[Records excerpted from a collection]

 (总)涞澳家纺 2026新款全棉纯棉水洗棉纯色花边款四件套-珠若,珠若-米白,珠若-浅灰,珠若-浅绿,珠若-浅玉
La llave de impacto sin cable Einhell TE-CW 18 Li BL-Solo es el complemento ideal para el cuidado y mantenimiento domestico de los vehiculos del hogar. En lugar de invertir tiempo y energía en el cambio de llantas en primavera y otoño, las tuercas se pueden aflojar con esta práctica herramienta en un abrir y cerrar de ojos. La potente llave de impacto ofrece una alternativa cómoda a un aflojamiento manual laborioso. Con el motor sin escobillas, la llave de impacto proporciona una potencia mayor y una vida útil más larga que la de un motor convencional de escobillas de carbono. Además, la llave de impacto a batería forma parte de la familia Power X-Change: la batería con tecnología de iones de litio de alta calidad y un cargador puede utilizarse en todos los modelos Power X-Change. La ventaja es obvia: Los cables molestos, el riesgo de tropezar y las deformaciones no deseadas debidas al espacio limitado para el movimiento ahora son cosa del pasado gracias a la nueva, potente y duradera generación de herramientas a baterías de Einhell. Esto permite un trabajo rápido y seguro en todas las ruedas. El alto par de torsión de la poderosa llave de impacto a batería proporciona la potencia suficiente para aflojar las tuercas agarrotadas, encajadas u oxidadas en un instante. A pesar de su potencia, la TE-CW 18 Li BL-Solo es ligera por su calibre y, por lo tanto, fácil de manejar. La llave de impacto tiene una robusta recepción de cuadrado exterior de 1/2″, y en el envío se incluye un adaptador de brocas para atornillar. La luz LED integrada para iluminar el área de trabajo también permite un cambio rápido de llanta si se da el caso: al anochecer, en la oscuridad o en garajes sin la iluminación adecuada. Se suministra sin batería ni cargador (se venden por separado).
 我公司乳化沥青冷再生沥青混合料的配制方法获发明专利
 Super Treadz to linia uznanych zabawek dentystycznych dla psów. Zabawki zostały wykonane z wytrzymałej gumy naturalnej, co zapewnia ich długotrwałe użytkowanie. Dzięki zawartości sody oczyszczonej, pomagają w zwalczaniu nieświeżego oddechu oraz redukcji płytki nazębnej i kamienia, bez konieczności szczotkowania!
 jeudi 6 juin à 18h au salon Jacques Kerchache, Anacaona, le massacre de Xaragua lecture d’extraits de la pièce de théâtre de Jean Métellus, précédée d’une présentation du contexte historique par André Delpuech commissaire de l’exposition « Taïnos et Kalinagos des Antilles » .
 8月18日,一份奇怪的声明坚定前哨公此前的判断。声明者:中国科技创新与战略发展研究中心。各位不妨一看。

▶ _AIM OF THE EXERCISE_
Please transcribe each entry exactly, keeping every word as it is.

▶ _EXERCISE RESULT_
 (总)涞澳家纺 2026新款全棉纯棉水洗棉纯色花边款四件套-珠若,珠若-米白,珠若-浅灰,珠若-浅绿,珠若-浅玉
La llave de impacto sin cable Einhell TE-CW 18 Li BL-Solo es el complemento ideal para el cuidado y mantenimiento domestico de los vehiculos del hogar. En lugar de invertir tiempo y energía en el cambio de llantas en primavera y otoño, las tuercas se pueden aflojar con esta práctica herramienta en un abrir y cerrar de ojos. La potente llave de impacto ofrece una alternativa cómoda a un aflojamiento manual laborioso. Con el motor sin escobillas, la llave de impacto proporciona una potencia mayor y una vida útil más larga que la de un motor convencional de escobillas de carbono. Además, la llave de impacto a batería forma parte de la familia Power X-Change: la batería con tecnología de iones de litio de alta calidad y un cargador puede utilizarse en todos los modelos Power X-Change. La ventaja es obvia: Los cables molestos, el riesgo de tropezar y las deformaciones no deseadas debidas al espacio limitado para el movimiento ahora son cosa del pasado gracias a la nueva, potente y duradera generación de herramientas a baterías de Einhell. Esto permite un trabajo rápido y seguro en todas las ruedas. El alto par de torsión de la poderosa llave de impacto a batería proporciona la potencia suficiente para aflojar las tuercas agarrotadas, encajadas u oxidadas en un instante. A pesar de su potencia, la TE-CW 18 Li BL-Solo es ligera por su calibre y, por lo tanto, fácil de manejar. La llave de impacto tiene una robusta recepción de cuadrado exterior de 1/2″, y en el envío se incluye un adaptador de brocas para atornillar. La luz LED integrada para iluminar el área de trabajo también permite un cambio rápido de llanta si se da el caso: al anochecer, en la oscuridad o en garajes sin la iluminación adecuada. Se suministra sin batería ni cargador (se venden por separado).
 我公司乳化沥青冷再生沥青混合料的配制方法获发明专利
 Super Treadz to linia uznanych zabawek dentystycznych dla psów. Zabawki zostały wykonane z wytrzymałej gumy naturalnej, co zapewnia ich długotrwałe użytkowanie. Dzięki zawartości sody oczyszczonej, pomagają w zwalczaniu nieświeżego oddechu oraz redukcji płytki nazębnej i kamienia, bez konieczności szczotkowania!
 jeudi 6 juin à 18h au salon Jacques Kerchache, Anacaona, le massacre de Xaragua lecture d’extraits de la pièce de théâtre de Jean Métellus, précédée d’une présentation du contexte historique par André Delpuech commissaire de l’exposition « Taïnos et Kalinagos des Antilles » .
 8月18日,一份奇怪的声明坚定前哨公此前的判断。声明者:中国科技创新与战略发展研究中心。各位不妨一看。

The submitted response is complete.